An urgent need for change
Fraser Nelson 12:36pm
We hear phrase "market failure" often enough - but (as Michael Prowse once said) government failure is far more common. The most egregious example is education – and David Cameron says in his press conference today with Michael Gove. Here are a few facts they highlight today in their document (read it here):
1) Some 140,000 pupils were suspended from secondary schools for violence or persistent disruption in 2005/06. Many end up in the cells - almost 100,000 under-18s are given custodial sentences.
2) Suspensions for physical assault (in primary schools) is about twelve times higher in deprived areas than in the least-deprived ones. The scourge of school violence is focused on the poorest neighbourhoods.
3) Rather than police this, teachers are themselves investigated - as the targets of false allegations. Some 59% of head teachers say that false allegations have been made against them or their staff within the last three years.
Anyone who knows a teacher (who works in a normal or deprived area) will have heard similar stories. Police turn up to schools in twos: one to enter the building and the other to guard the car. And the disruptive kids know that their best form of getting teachers off their back is to lodge a false complaint against them. It sends the system into hyperdrive, and the teacher – not the bully – is hounded.
Gove today outlines new laws and powers which give teachers more power to deal with the problem. He’d end the right to appeal against expulsion, reverse Balls’ daft rule forcing schools to take a disruptive pupil for each one they expel, and offer teachers more protection against false claims. All good stuff, but I am sceptical about central government's ability to deal with this very effectively. Good schools will use such powers, the bad ones will not. The LEAs are the real power in education. What’s needed is a revolution in approach to discipline in schools – ie, a culture shift. And that can take years to achieve.
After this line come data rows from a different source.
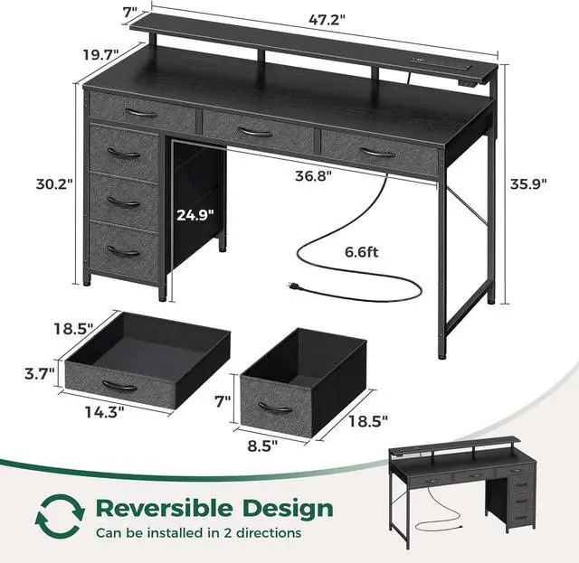 Computer Desk with 6 Drawers6 foldable and easy-to-pull fabric drawers. These drawers offer divided and private storage space, perfect for keeping your files, stationery, and other office supplies neatly organized. The generous storage capacity allows you to keep your workspace tidy and efficient
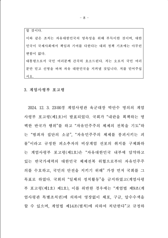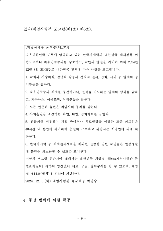 자유대한민국 내부에 암약하고 있는 반국가세력의 대한민국 체제전복 위 협으로부터 자유민주주의를 수호하고, 국민의 안전을 지키기 위해 2024년 12월 3일 23:00부로 대한민국 전역에 다음 사항을 포고합니다.
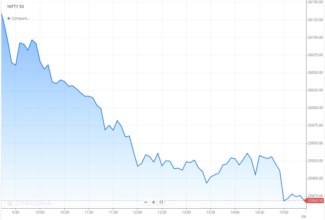 Nifty opened with a 34-point gap-down at 26,107 and came under immediate selling pressure, slipping sharply in the opening hour toward the 26,030–26,050 zone. Early rebound attempts were weak and short-lived, and the index continued to drift lower through the late morning session, slipping below the 26,000 mark after 11 AM and breaching 25,900 by noon.
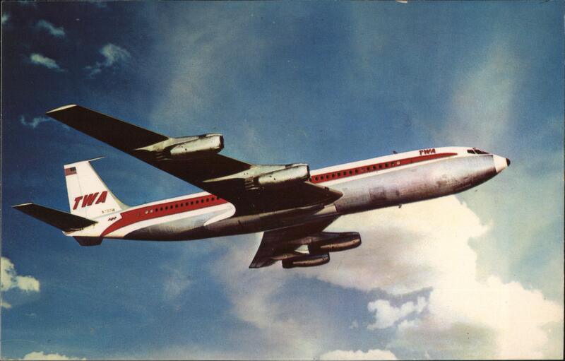 "TWA SuperJet* Boeing 707 carries 130 passengers at
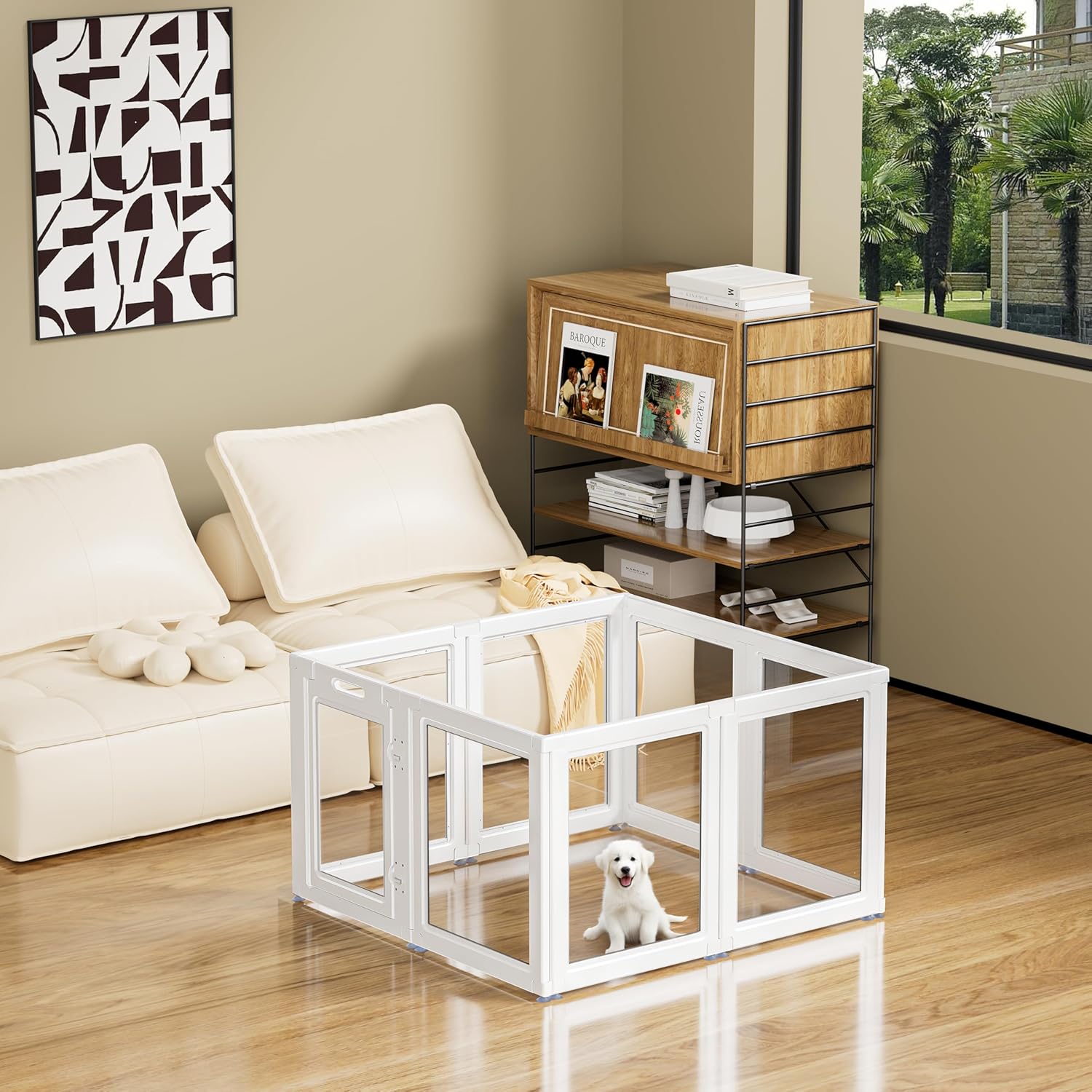 - 【NEWEST TRANSPARENT DOG PLAYPEN】SOLOWINNER clear puppy playpen broke the traditional cage fence design and adopted high-quality PE material and PET board, it's like a bright yard, more beautiful and atmospheric, easy clean, which makes your furry friend no longer anxious and feel like live in prison, never worry about your pet stucking in the fence, besides, it's convenient for you to observe your beloved pets.
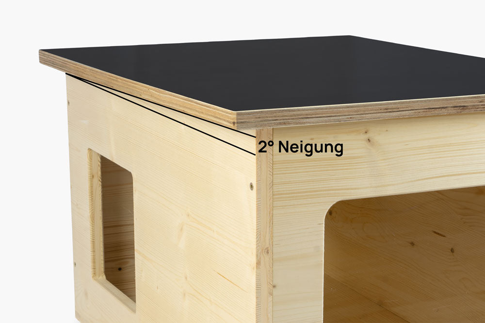 Das Dach ist um 2° geneigt. So läuft Regenwasser zuverlässig ab und bei Sonnenschein hat deine Katze eine perfekte, bequeme Liegefläche.
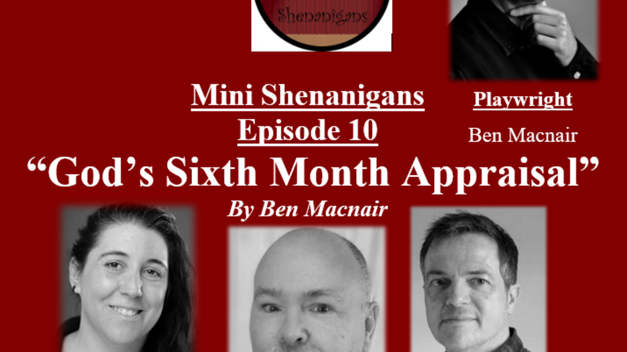 Our play this week is entitled "Gods Sixth Month Appraisal" and is written by Staffordshire based playwright Ben Macnair (https://sheilanagigblog.com/ben-macnair/, https://arachnepress.com/authors-editors-and-poets/poets-a-d-by-first-name/ben-macnair/ & https://x.com/benmacnair)
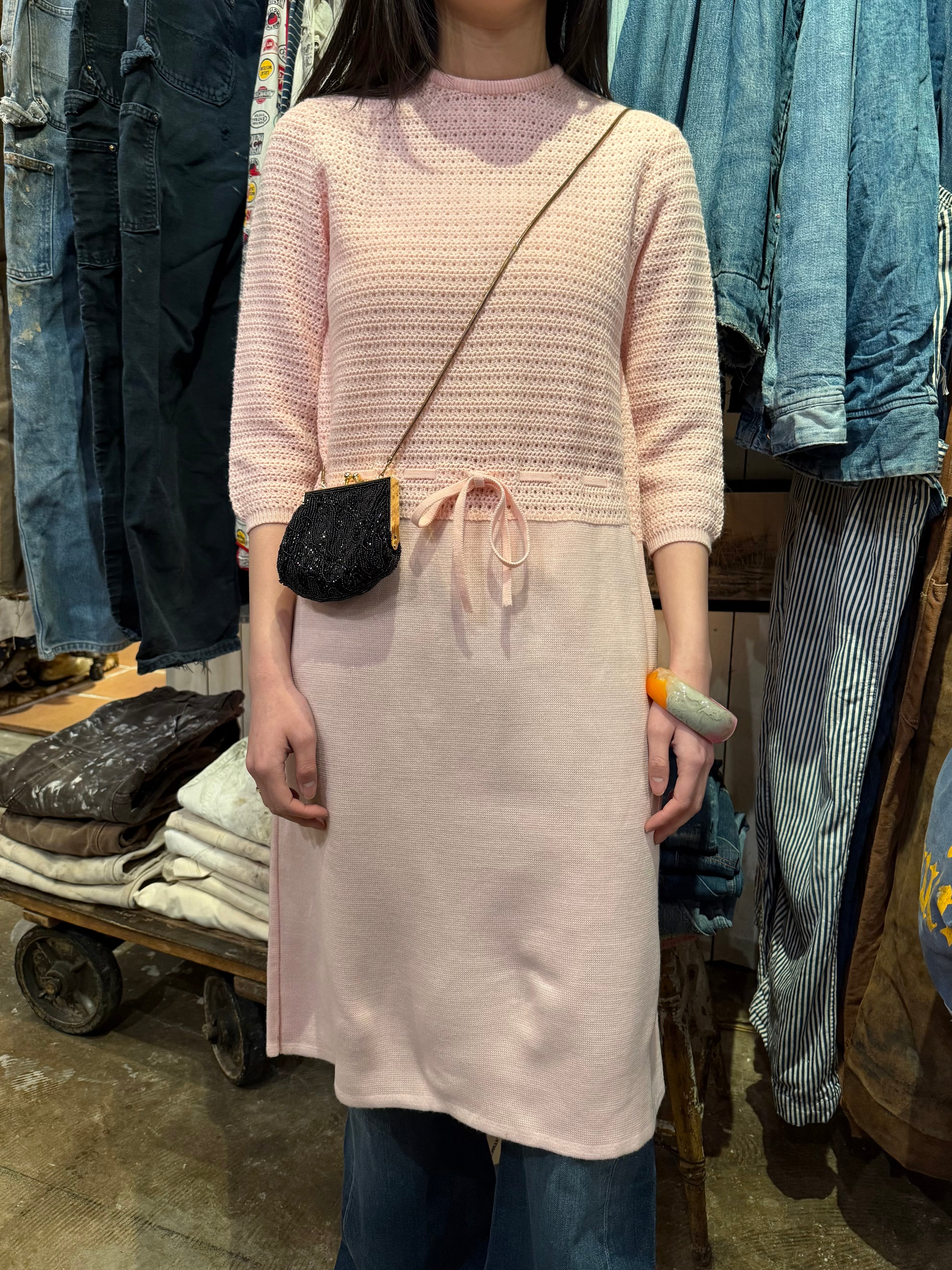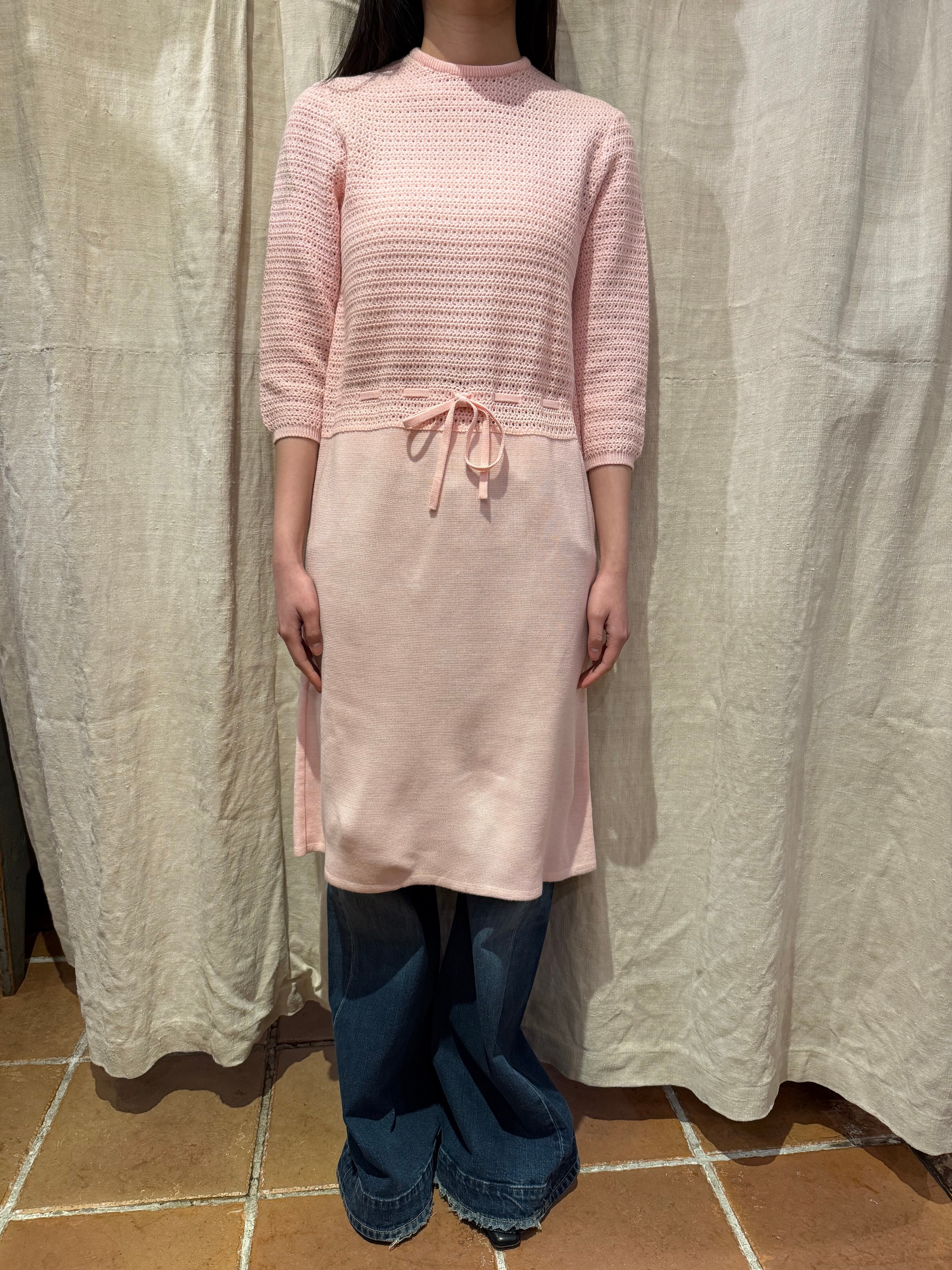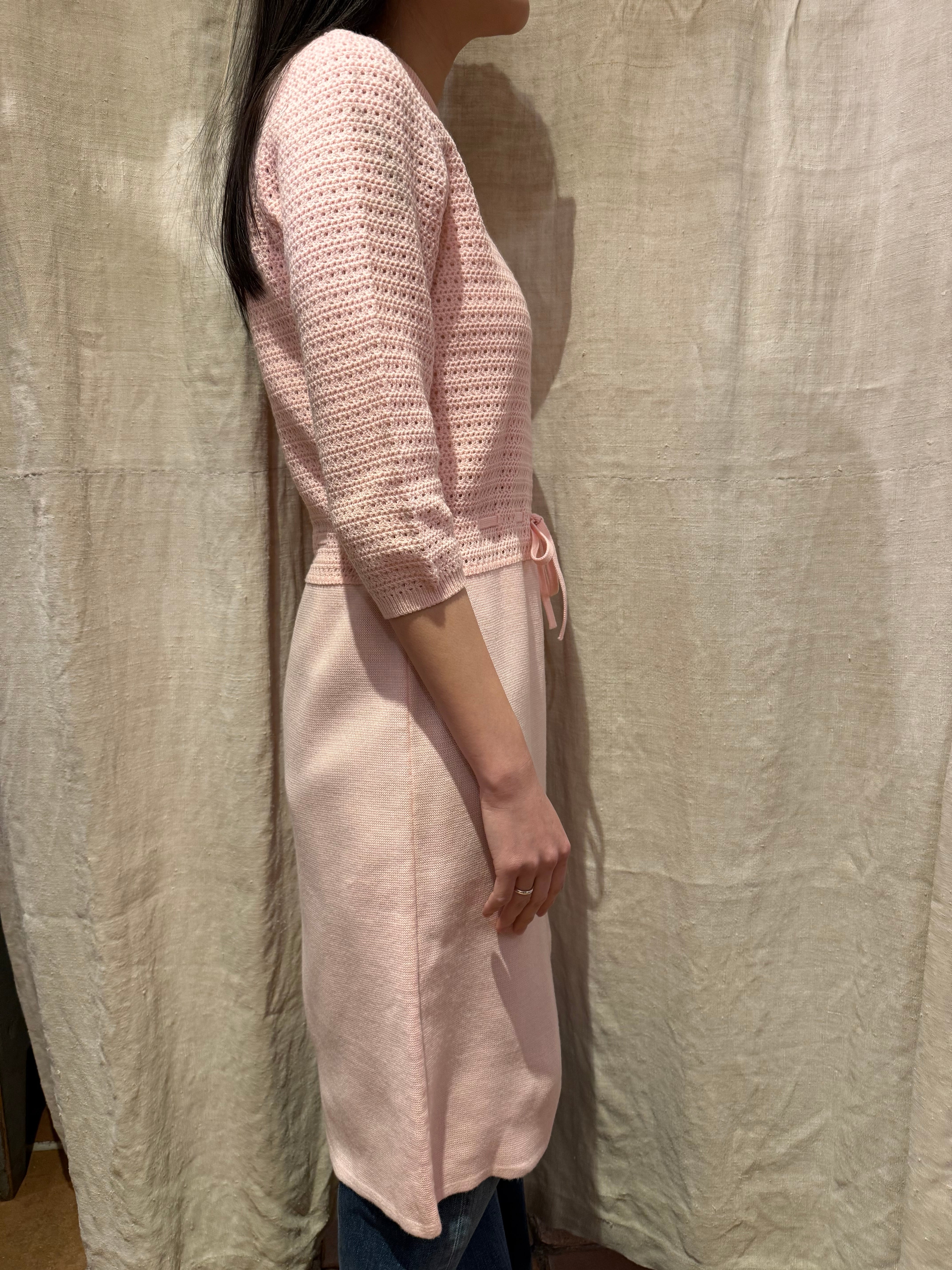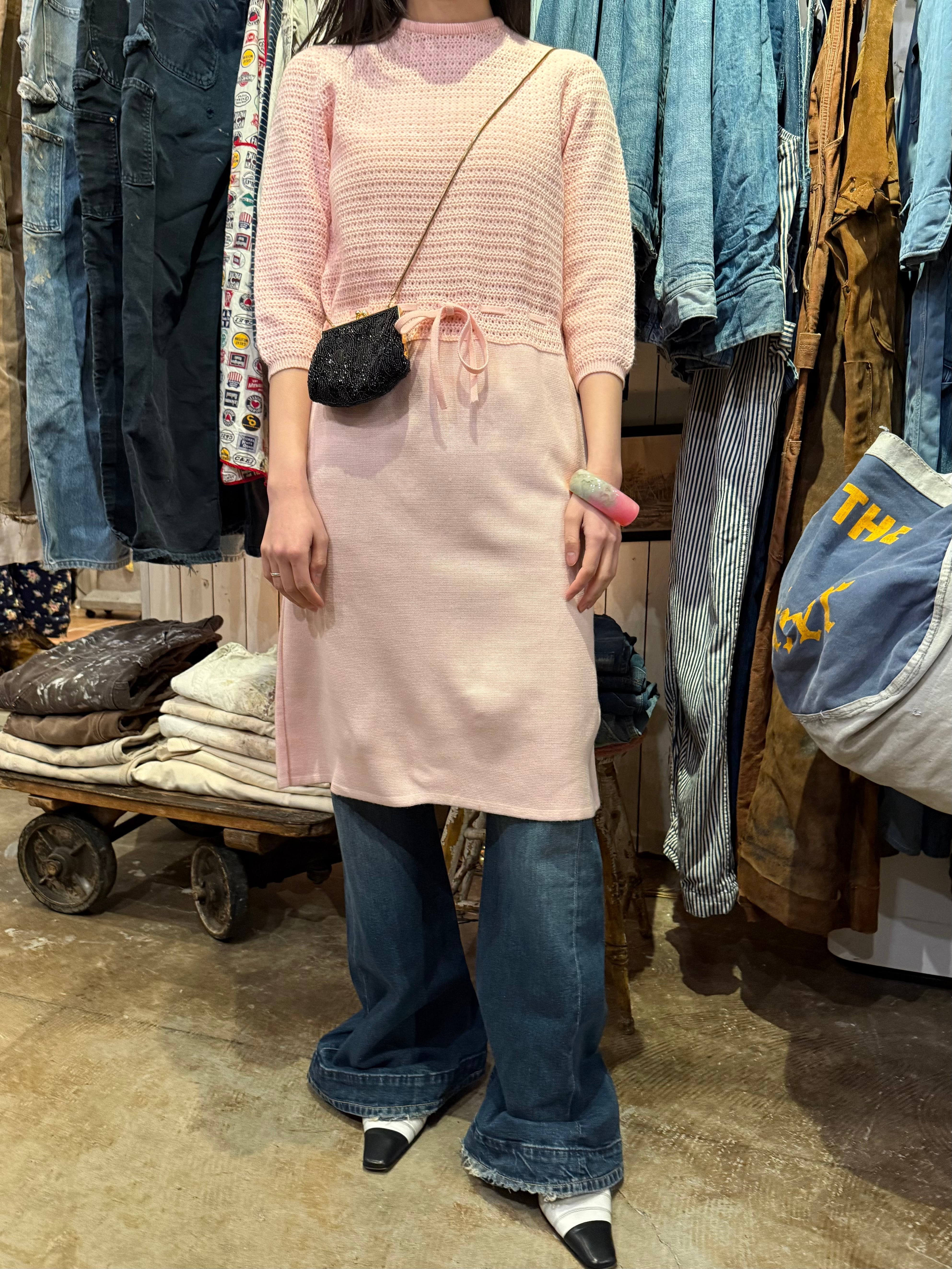 ニットドレスでございます。甘めのピンクのカラーがとても可愛らしいです。上半身のみ模様が入っていてスカートの部分はフラットになっております。ウエストマークのできる仕様でスタイルによってシルエットを変えるのがおすすめです。
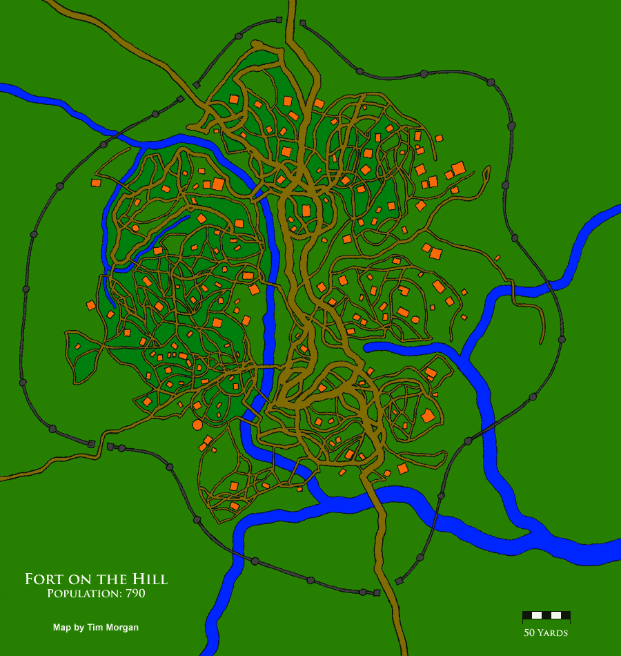 This is a map of the village of Fort-on-the-Hill in the nation of Kitar.
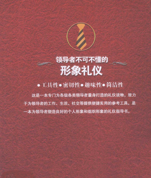 领导者不可不懂的形象礼仪是专为领导者打造的礼仪读物,通过阅读这款书籍,可以帮助你在下级员工面前塑造良好的个人形象和组织形象奉献绵薄之力。
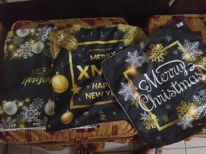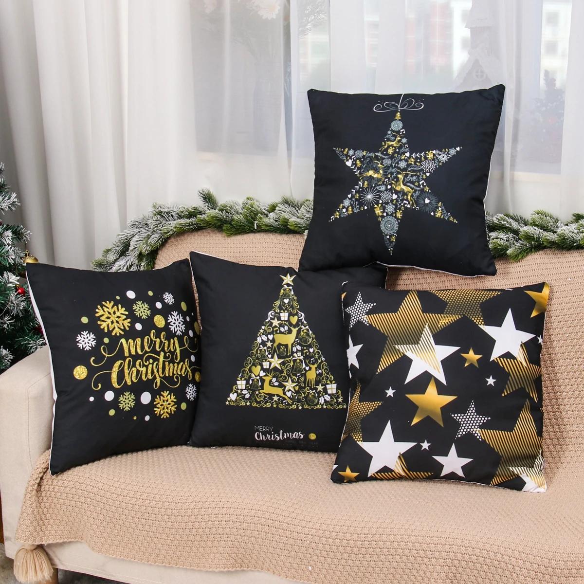 Рождественское украшение для дома, золото черный Чехол на подушку, ...

The Tory education plan has two planks. This is the first: how the party would seek to shake up existing schools. The second plank – supply-side reform along the Swedish system where a new breed of small, independent schools open in the state sector with state funds – is the policy that has the power to change education in England forever. It just needs a small number for a tipping point to be created, where existing state-run schools know they must shape up, or lose pupils (and money). Once they are responding to the priorities of British parents, no Whitehall edicts will be needed.
Until then, a Tory government must obviously use edicts (and empowerment measures, as today's are) as best they can. But the dismal state of affairs outlined in the Tory document is another chilling reminder of just how urgently change is needed
P.S. You may not have heard of Prowse. As the FT’s Washington Correspondent, he was converted away from New Labour - and explained how in a 1995 article in The Independent. Read it here.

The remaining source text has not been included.